Stephenson, Membre du Comité Exécutif :

J’ai 26 ans et je suis né à Port-au-Prince, je crois que ma famille a toujours su que j’étais masisi et qu’ils se sont fait une raison depuis ma naissance car ils ne m’ont pas mis à la porte de chez eux après que je leur ai dit, cependant ils m’ont demandé de rester le plus discret possible, un peu par peur qu’il m’arrive quelque chose, un peu par crainte d’un scandale. Nous vivons dans un quartier populaire. Je suis efféminé mais jusqu’à un an de ça, on me respectait dans mon quartier car j’ai toujours été très respectueux des autres et discret; on m’insultait mais je n’étais pas en danger, enfin c’est ce que je croyais.

Il y a un an pourtant, tout a changé, un homme m’a jeté une pierre puis une autre, plus grosse, qui m’a fait mal en me traitant de masisi. Je lui ai répondu, lui ai dit qu’il n’avait pas le droit de me frapper et ai commencé à argumenter avec lui, rapidement, un groupe de garçons sont arrivés avec toute sorte d’objets dont une machette, ils ont commencé à me rouer de coup, et m’ont frappé avec la machette, mais heureusement, j’ai réussi à m’enfuir en entrant dans une maison sur la rue et en sortant par la porte de derrière. J’ai cru que j’aillais mourir ce jour-là, et je crois que je serais mort si par chance je n’avais pas pu m’enfuir.
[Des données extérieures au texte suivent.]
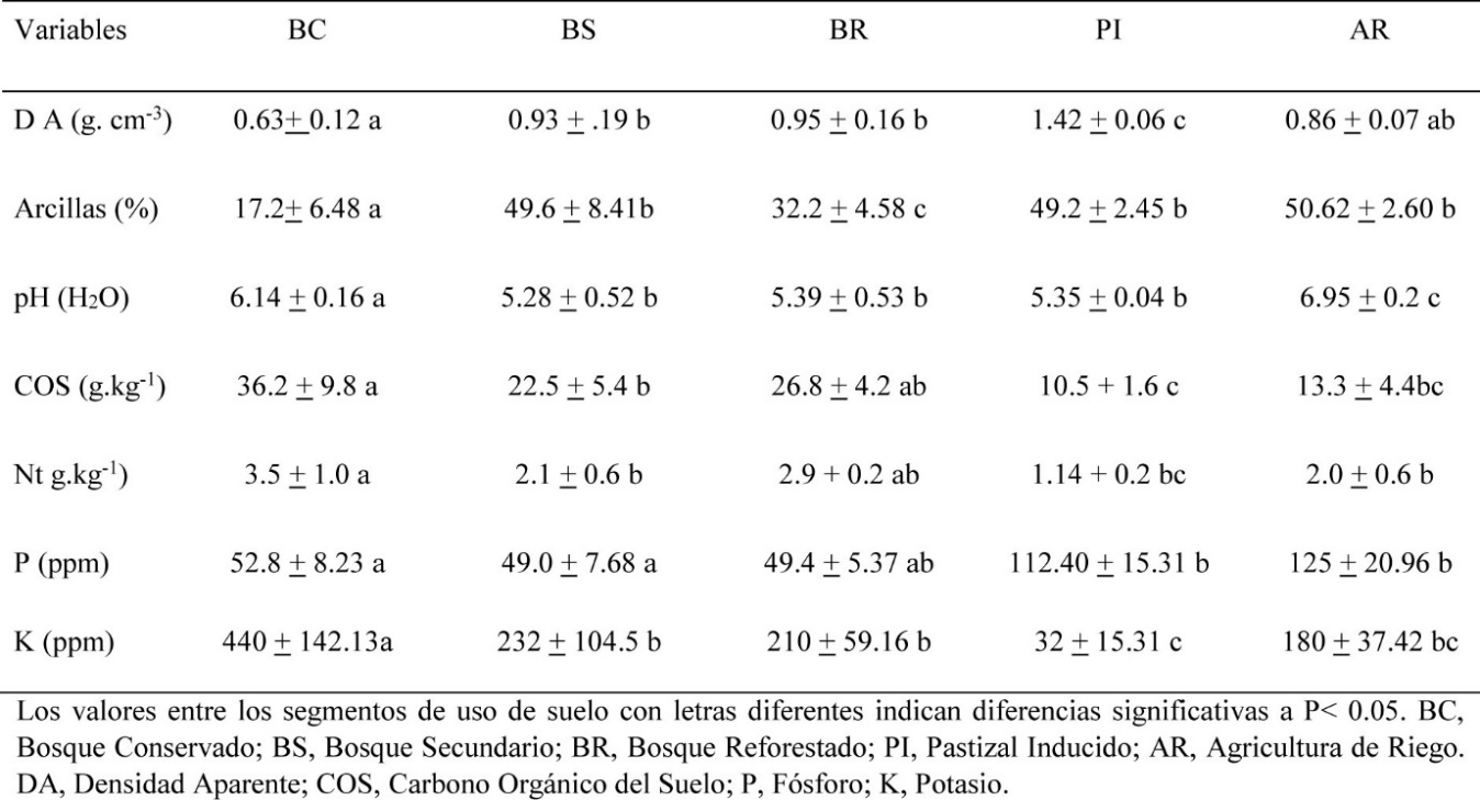 De manera general, en la zona de estudio predominan suelos superficiales con texturas medias y finas, cuyo contenido de arcillas fluctuó entre 17% y 50%, registrando el contenido más bajo para el suelo de BC y los más altos para BS, PI y AR. Esta variabilidad, si bien está relacionada con los procesos pedogenéticos que determinan la distribución de las unidades de suelo, en el caso de BS, el elevado contenido de arcillas en la capa superficial (estadísticamente similar a PI y AR) obedece a la remoción por erosión hídrica del horizonte A original, dejando expuesto el horizonte subsuperficial arcilloso (Bt), característico de los Luvisoles. La DA mostró diferencias significativas entre BC con respectos BS y BR, al igual que entre los suelos bajo uso agropecuario; este patrón es similar para la porosidad, por lo que, en primera instancia, el cambio de uso tiende a alterar estas propiedades considerando tanto los tipos de suelo como su uso actual.

Le lendemain, je suis allé à la police pour porter plainte. On a ri de moi et les policiers ont refusé d’enregistrer ma plainte, me disant que c’était moi qui avais provoqué mes agresseurs et que c’était de ma faute. Humilié et rabaissé, je suis finalement rentré chez moi où j’ai préféré mentir à ma famille pour ne pas entendre encore une fois que c’était de ma faute.

Mes plaies ont cicatrisé et je n’ai presque plus mal, mais je garde la peur, quand je marche dans la rue, de me faire agresser à nouveau. Je n’ai pas les moyens de déménager dans un autre quartier et dans ce pays, le seul moyen de ne pas courir le risque de se faire agresser quand on est masisi, c’est de vivre dans une maison sécurisée dans des quartiers aisés et de se déplacer en voiture privée. Je ne savais pas quoi faire jusqu’à ce que Charlot me contacte pour me demander si je voulais faire partie de KOURAJ.

Maintenant, je fais partie d’un groupe, avec des personnes qui comme moi ne veulent pas que les jeunes souffrent et subissent à l’avenir ce que nous endurons chaque jour en Haïti. Je m’engage dans KOURAJ parce que je sais que ce que je risque, je le risque déjà dans la rue, si je me fais frapper, au moins ce sera pour avoir parlé, pour avoir défendu mes droits, plutôt que parce que j’ai baissé les yeux. J’ai peur mais je suis convaincu que nous n’avons pas d’autres choix que de nous engager dans cette lutte.